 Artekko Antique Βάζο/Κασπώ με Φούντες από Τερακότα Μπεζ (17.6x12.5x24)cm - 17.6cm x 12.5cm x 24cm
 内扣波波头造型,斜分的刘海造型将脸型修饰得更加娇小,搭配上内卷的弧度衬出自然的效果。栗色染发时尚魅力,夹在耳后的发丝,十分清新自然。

---

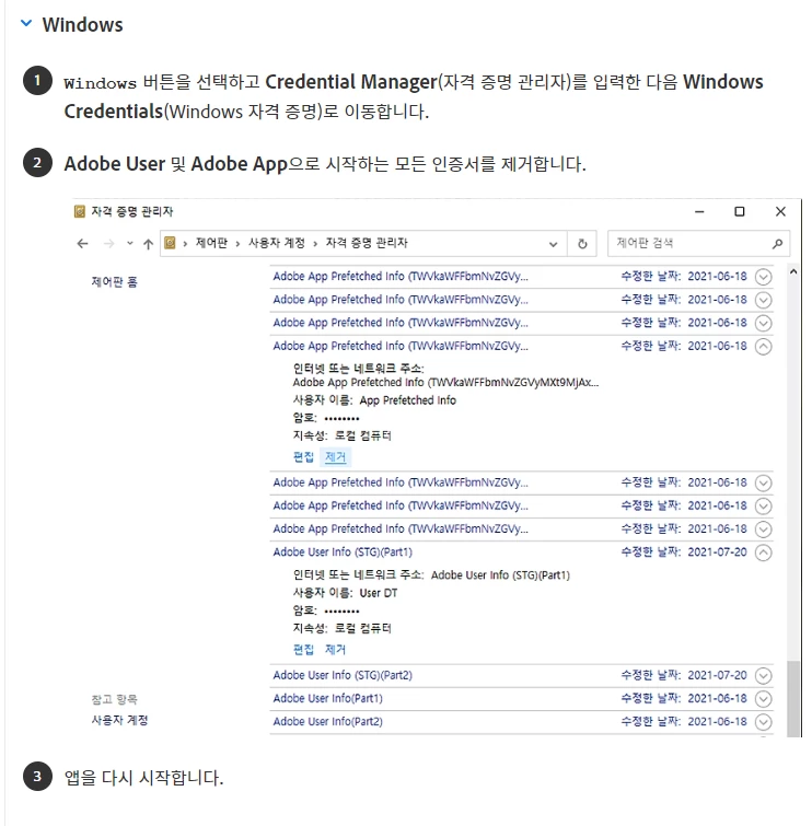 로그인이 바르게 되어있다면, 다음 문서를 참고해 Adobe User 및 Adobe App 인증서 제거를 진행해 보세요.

## What this task involves
Taking the entries above, print exactly the lines starting at the line with "Artekko Antique Βάζο/Κασπώ" and ending at the line with "内扣波波头造型,斜分的刘海造", both included.

## Answer to this problem
 Artekko Antique Βάζο/Κασπώ με Φούντες από Τερακότα Μπεζ (17.6x12.5x24)cm - 17.6cm x 12.5cm x 24cm
 内扣波波头造型,斜分的刘海造型将脸型修饰得更加娇小,搭配上内卷的弧度衬出自然的效果。栗色染发时尚魅力,夹在耳后的发丝,十分清新自然。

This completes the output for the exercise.